Project Brief
What this is
The project brief is the file you saved at the end of the planning step.
It lives in your project folder as project-brief.md and tells you — and your AI agent — exactly what you are building.
Why it matters
Every prompt you send to the AI agent during the build should be grounded in this file.
Without it, the AI agent has no context. It will make assumptions, add things you did not ask for, and produce code that drifts from your original idea.
What to do
Check the file exists
Open your project folder. You should see project-brief.md at the root level, next to your other project files.
If it does not exist, go back to How to Plan and complete Step 5.

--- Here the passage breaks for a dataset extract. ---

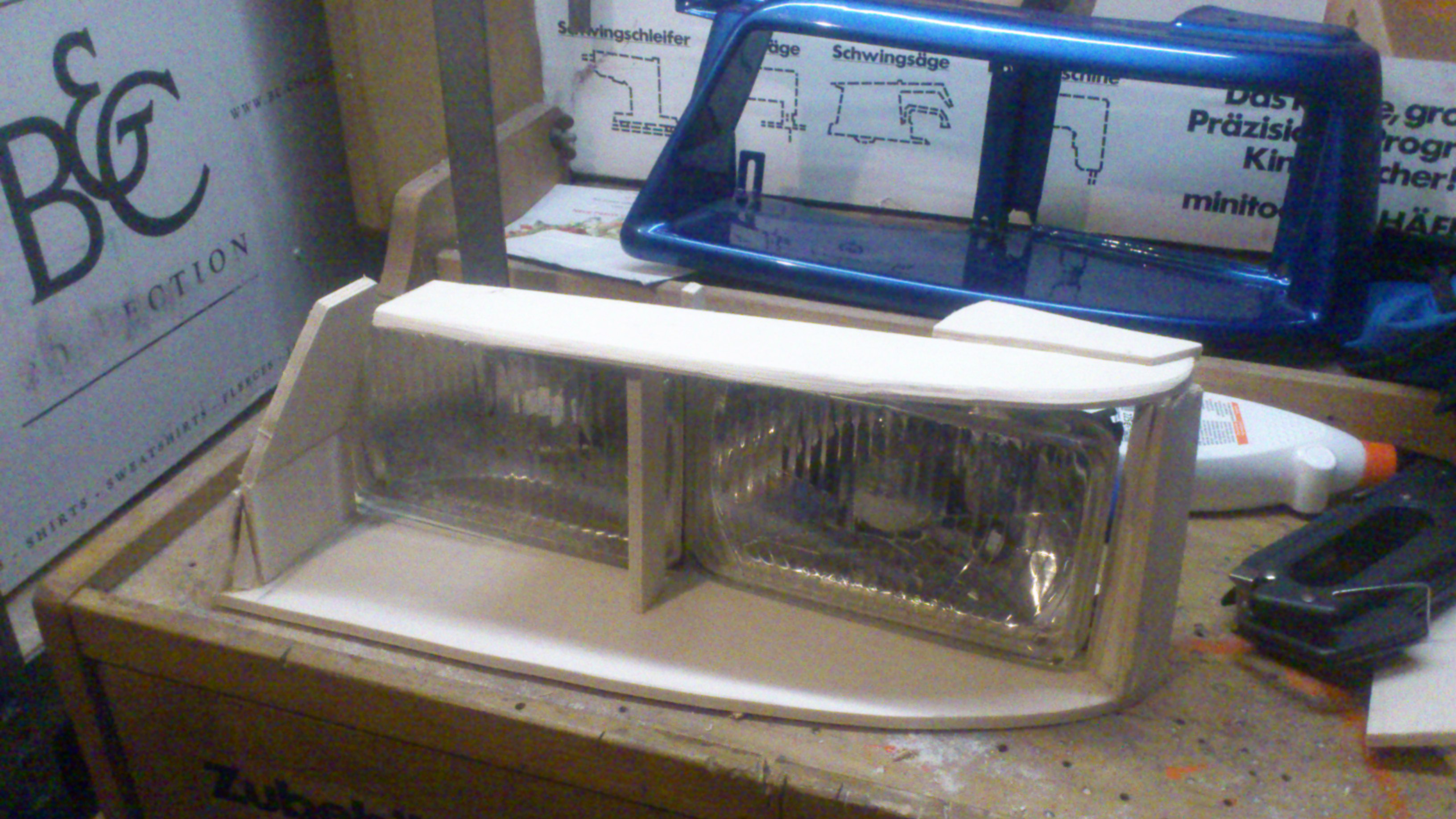 Jetzt habe ich mich aber mal im Hobbyraum im Keller etwas ausgetobt und probiere, die Hirsch-Car-Scheinwerfer nachzubauen. Ich habe nämlich keine Lust mehr, immer das poppelige Plastik zu flicken.

Check the file contains the right sections
Open project-brief.md. It should have all of these:
✓ Goal — one clear sentence
✓ Audience — who the website is for
✓ Stack — the tools and why they are enough
✓ Pages — 3 pages or fewer, each with a purpose
✓ Features — max 3 features
✓ Non-goals — what you are not building yet
✓ Build order — numbered steps
✓ Success check — how you know version 1 is good enoughIf any section is missing or vague, go back to ChatGPT and ask it to fill in the gap.

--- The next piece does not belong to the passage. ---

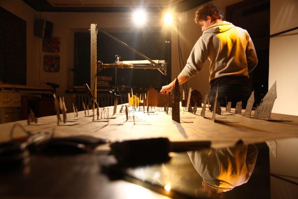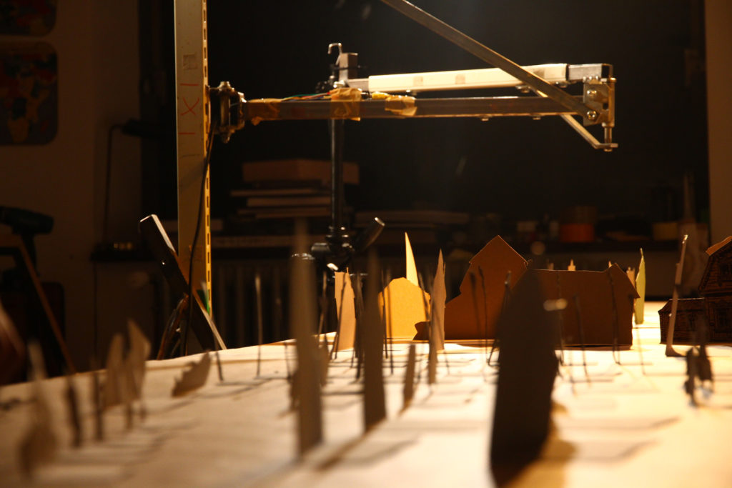 Préparation du village en maquette. Disposition des personnages et des maisons découpées pour recréer un village. La camera suspendue à un bras articulé se déplace en un mouvement de travelling latéral le long de la maquette du village.

Read it once before continuing
Read the brief from top to bottom. Ask yourself:
- Does this match what I actually want to build?
- Is the stack something I can work with today?

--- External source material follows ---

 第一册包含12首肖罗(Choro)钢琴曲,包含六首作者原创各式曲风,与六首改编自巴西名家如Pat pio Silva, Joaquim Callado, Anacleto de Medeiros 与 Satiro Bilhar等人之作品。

- Are the features genuinely achievable in one session?
- Is the build order logical?
If something feels off, fix it now. It is much easier to change the plan here than to change it mid-build.
Example of a good project brief
Reference
# Project Brief
## Goal
Help customers quickly decide what to order and how to visit the cafe.
## Audience
Nearby customers using their phone before or during a visit.
## Stack
Next.js + Tailwind CSS + Vercel. This is enough because the site is mostly static pages with simple styling and no login.
## Pages
- Home — short intro, best photo, opening hours, and main call-to-action
- Menu — drinks and food grouped clearly with prices
- Contact — address, Waze link, phone number, and social link
## Features (max 3)
1. Display menu with prices
2. Show contact details and map link
3. Responsive layout for mobile
## Non-goals
- No online ordering
- No payment
- No customer login
## Build order
1. Scaffold Next.js project
2. Create the basic layout and navigation
3. Build the Home page
4. Build the Menu page
5. Build the Contact page
6. Apply styling from `design-spec.md`
7. Test on localhost and mobile width
8. Push to GitHub and deploy to Vercel
## Success check
Someone can open the site on mobile, find the menu, check opening hours, and tap the Waze link in under one minute.Common mistakes
- Not saving the brief as a file — keeping it only in the ChatGPT window means you lose it.
- Having a brief that is too vague — "build a nice website" is not a brief.
- Skipping the read-through — small mismatches here become big problems later.
- Putting the file in the wrong folder — it must be in the project root, not in a subfolder.